Tyson Chandler's leg broke, and then his spirit did, which happens when you're constantly cleaning up the messes of a roster full of terrible defenders. Raymond Felton was perhaps the NBA's worst starting point guard last season. Expected to break out, Iman Shumpert stayed shackled. The veteran frontcourt (Chandler, Amar'e Stoudemire, Kenyon Martin, Metta World Peace) proved injury-prone and ineffective, and New York's reserves offered little respite on either end of the court.
That placed the burden for keeping the Knicks competitive squarely on Carmelo Anthony's shoulders. Despite the All-Star's best efforts — 27.4 points, 8.1 rebounds and 3.1 assists in a league-leading 38.7 minutes per game, a 40.2 percent mark from 3-point land, a Knick-record 62 points against the Charlotte Bobcats — they fell short. New York won 16 of its final 21 to briefly re-enter the playoff picture, but finished one game behind the Atlanta Hawks for the No. 8 seed, the first postseason miss of Anthony's career.
Anthony's back after testing free agency. (For the last time, he says.) With a new head coach and a shuffled supporting cast, 'Melo has tempered expectations, but still expects to return to the postseason. Is that wishful thinking in a deeper East? Or can a new system and a few personnel tweaks give the Knicks the boost they need?
2013-14 season in 140 characters or less:
Did the summer help at all?
Some, but probably not too much.

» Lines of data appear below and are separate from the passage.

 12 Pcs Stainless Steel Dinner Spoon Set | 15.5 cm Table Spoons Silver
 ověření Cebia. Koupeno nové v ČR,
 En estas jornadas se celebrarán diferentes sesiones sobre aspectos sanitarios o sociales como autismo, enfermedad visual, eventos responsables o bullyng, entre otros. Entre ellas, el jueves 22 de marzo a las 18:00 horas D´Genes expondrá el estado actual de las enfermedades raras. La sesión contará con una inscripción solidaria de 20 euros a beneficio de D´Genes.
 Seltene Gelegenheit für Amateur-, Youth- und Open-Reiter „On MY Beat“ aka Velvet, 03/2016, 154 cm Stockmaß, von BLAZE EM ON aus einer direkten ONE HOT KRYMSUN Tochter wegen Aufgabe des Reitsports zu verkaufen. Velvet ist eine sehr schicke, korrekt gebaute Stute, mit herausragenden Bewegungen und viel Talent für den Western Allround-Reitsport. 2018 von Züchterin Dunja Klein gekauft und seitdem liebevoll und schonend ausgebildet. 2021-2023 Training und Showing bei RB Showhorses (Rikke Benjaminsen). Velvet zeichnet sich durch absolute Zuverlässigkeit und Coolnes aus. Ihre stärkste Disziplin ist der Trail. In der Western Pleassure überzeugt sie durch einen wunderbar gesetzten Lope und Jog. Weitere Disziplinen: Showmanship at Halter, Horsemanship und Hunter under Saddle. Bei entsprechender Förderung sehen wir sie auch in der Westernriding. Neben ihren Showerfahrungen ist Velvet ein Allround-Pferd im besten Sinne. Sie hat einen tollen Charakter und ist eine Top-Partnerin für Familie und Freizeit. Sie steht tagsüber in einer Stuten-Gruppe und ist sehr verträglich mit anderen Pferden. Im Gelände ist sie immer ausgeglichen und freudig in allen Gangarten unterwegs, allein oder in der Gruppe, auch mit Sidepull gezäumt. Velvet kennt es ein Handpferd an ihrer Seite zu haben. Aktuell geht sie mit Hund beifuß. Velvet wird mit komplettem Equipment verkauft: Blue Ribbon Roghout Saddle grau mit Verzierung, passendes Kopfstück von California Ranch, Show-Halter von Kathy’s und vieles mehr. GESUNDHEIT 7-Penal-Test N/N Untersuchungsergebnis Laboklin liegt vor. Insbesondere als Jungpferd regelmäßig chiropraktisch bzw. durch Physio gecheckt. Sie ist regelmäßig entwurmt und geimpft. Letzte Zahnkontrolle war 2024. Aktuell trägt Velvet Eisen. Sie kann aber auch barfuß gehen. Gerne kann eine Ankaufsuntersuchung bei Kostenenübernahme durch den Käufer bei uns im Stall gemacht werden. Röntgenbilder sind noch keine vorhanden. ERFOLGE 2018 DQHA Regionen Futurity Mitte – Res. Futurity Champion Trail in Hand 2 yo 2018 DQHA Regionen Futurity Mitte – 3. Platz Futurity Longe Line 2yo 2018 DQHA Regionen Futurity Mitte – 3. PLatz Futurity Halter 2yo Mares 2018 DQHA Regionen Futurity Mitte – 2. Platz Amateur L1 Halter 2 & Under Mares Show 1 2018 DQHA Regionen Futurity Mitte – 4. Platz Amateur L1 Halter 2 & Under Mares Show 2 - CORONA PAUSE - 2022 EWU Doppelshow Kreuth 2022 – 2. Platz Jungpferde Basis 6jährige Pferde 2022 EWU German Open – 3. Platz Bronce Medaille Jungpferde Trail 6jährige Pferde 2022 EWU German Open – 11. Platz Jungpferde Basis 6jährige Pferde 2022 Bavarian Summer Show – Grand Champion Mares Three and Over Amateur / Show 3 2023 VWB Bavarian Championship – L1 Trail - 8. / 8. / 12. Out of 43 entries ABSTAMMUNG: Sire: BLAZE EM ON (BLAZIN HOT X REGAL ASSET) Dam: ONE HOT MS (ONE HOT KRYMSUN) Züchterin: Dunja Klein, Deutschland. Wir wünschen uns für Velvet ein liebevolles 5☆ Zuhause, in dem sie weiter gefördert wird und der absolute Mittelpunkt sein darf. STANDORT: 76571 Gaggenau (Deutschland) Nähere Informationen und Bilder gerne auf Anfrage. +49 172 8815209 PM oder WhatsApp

One big plus: retaining Anthony's services.
Yes, it cost James Dolan a pretty penny, and it's unlikely a 35-year-old Anthony will merit anything near the $27.9 million he'll make in 2018-19. In the here and now, though, 'Melo remains one of the league's most devastating scorers, an offensive force whose inside-out skills seem a hand-in-glove fit for the triangle offense the Knicks will implement under Phil Jackson and new head coach Derek Fisher. (Provided, of course, the ball keeps moving.) He's coming off arguably the best season of his career and looks to be in fighting trim, which bodes well for a Knicks squad looking to improve on last year's 11th-place finish in points scored per possession.
Beyond 'Melo, though, none of the Knicks' summer moves seem likely to vault them into contention. A multiplayer trade with the Dallas Mavericks brought an upgrade at point guard (so long, frustrating firearm-brandisher Felton; hello, Jose Calderon) but at the price of a downgrade at center. The version of Chandler who finished last season didn't bear much resemblance to the one who won Defensive Player of the Year, but he's still more reliable than Samuel Dalembert, who can protect the rim and clear the glass when in the mood, but has also apparently never met an alarm clock he couldn't ignore.
The Knicks also netted three young pieces in the Dallas deal: second-year point guard Shane Larkin and a pair of 2014 second-rounders, Wichita State's Cleanthony Early and Thanasis Antetokounmpo, brother of the Milwaukee Bucks' Giannis Antetokounmpo. While it was somewhat jarring to see New York gain inexpensive youth with upside in a trade, none are likely to make a big impact this year. The defensive-minded Antetokounmpo will play in the D-League, Larkin's behind Calderon and incumbent Pablo Prigioni on the depth chart, and Early's path to significant minutes behind Anthony seems impeded by the midsummer trade that imported Travis Outlaw. (The less said about Outlaw's addition as Anthony's primary backup — and, by extension, the decision to put 'Melo back at small forward as opposed to keeping him at the four, where he's been a matchup nightmare for the past two seasons — the better.)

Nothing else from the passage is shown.